Au Yémen, le groupe, à travers le parti Al-Islah, son bras politique, aurait joué sur tous les tableaux : coopération avec des chefs tribaux, alliance avec le régime de l’ancien président Ali Abdullah Saleh, puis rapprochement avec les Houthis, et opposition à l’indépendance du Sud.

Selon le rapport, il existerait une coopération entre les Frères musulmans et l’Iran, illustrée par le rôle du Soudan en tant que corridor pour des armes iraniennes destinées aux alliés de Téhéran, tandis que le Mouvement islamique au Soudan aurait bénéficié d’un soutien iranien.

De son côté, Monir Adib a réaffirmé que « les Frères musulmans sont le fléau de notre époque et le plus grand défi pour les États arabes… ils sont comme des cellules cancéreuses ».

Il a ajouté que le rôle des Frères musulmans au Yémen aurait été destructeur pour la société, le pays vivant une situation de division et de polarisation, avec un coup d’État mené par les milices houthies contre le pouvoir légitime, « avec le soutien et l’appui des Frères musulmans via leur bras politique, le parti Al-Islah », transformant « le Yémen heureux en Yémen malheureux ».

Il a estimé que l’impact du soutien des Frères musulmans au coup d’État houthi aurait affecté toute la région, citant notamment les menaces contre la sécurité régionale et les perturbations à Bab el-Mandeb, qui auraient affecté le canal de Suez.

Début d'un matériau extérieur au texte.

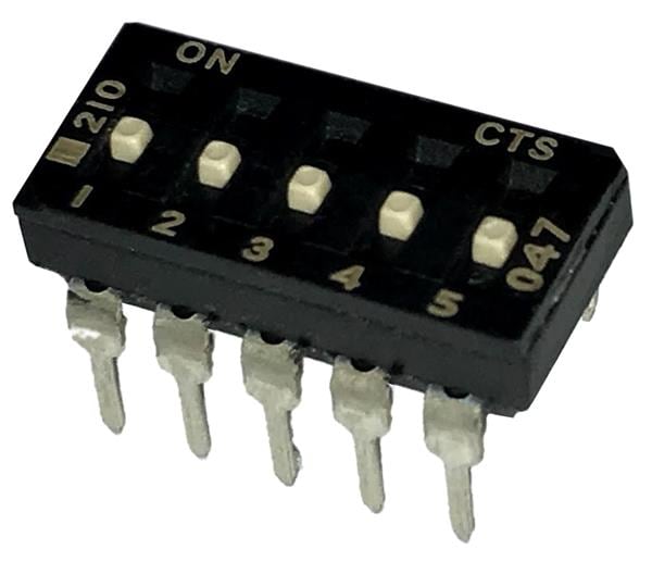 CTS Electronic Components 210-5MSF DIP Switches THROUGH HOLE, GOLD FLASH DIP SWITCH, 5-POLE, MEDIUM ACTUATOR, BOTTOM SEAL, OFF, TUBE PACK
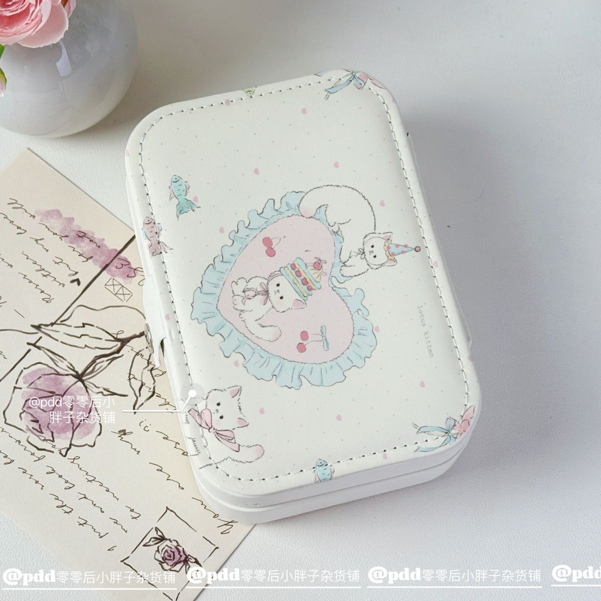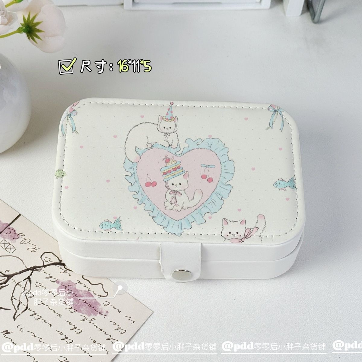Color: Rectangular jewelry box-[cherry love cat]-white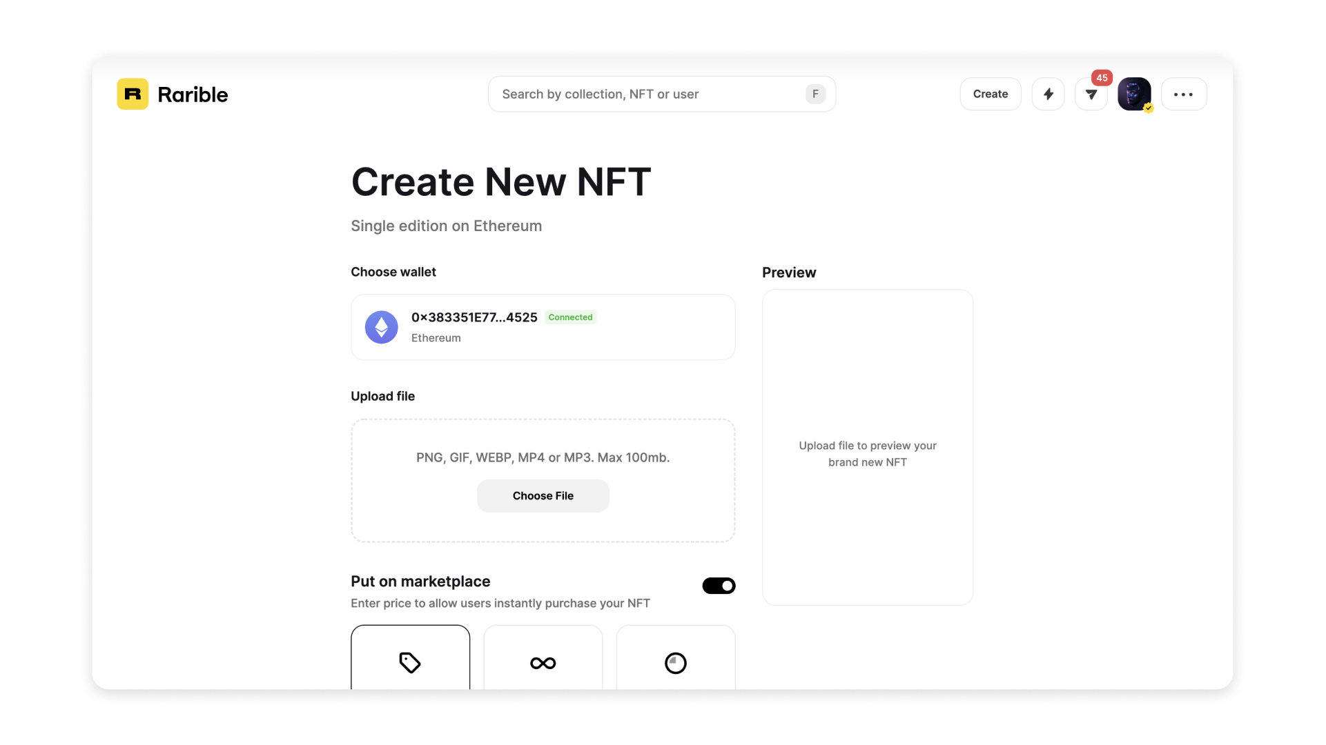 You can also create your own collection. That makes it easier for your community to find your work and buy it. But creating your own collection also costs additional gas fees once. We generally recommend minting under the Rarible collection first and starting your own collection once you’ve sold a few NFTs.
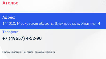 Ателье по адресу 144010, Московская область, Электросталь, Ялагина, 4 в дальнейшем Организация, размещена в следующих категориях:

Il a ajouté que « les Frères musulmans sont un acteur clé dans l’équation de la chute du Yémen dans l’abîme du coup d’État qui se poursuit depuis des années ».

Concernant le Soudan, Adib a déclaré que les Frères musulmans ont gouverné le pays pendant plus de 30 ans et que, lorsqu’un soulèvement populaire a éclaté contre leur pouvoir, le Mouvement islamique, leur bras politique, se serait allié à l’armée, entraînant le pays dans le conflit actuel qui a causé la mort de milliers de personnes et le déplacement de millions.

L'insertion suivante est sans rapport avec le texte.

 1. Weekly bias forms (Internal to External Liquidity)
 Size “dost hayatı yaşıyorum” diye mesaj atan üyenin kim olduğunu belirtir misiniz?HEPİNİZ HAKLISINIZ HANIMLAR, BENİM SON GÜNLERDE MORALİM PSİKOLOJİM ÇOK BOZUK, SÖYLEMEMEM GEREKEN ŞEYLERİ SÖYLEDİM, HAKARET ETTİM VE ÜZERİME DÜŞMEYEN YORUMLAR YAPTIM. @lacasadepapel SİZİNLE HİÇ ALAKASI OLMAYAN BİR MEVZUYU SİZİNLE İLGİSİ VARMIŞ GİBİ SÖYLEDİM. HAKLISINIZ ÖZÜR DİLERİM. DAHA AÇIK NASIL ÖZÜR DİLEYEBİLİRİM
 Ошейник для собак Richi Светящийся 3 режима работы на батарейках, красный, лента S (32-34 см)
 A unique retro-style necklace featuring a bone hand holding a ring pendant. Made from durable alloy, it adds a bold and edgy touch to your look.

Il a affirmé que les Frères musulmans seraient les principaux responsables de la guerre actuelle au Soudan, soutenant les forces armées et refusant toute trêve humanitaire ou négociation pour mettre fin à la guerre, ce qui aurait aggravé la souffrance des Soudanais.

Il a conclu que le refus d’une trêve humanitaire par les Frères musulmans et l’armée s’expliquerait par la crainte que l’arrêt de la guerre n’entraîne des poursuites judiciaires contre leurs dirigeants pour des crimes commis contre le peuple soudanais, raison pour laquelle ils souhaiteraient la poursuite du conflit afin de revenir sur la scène politique.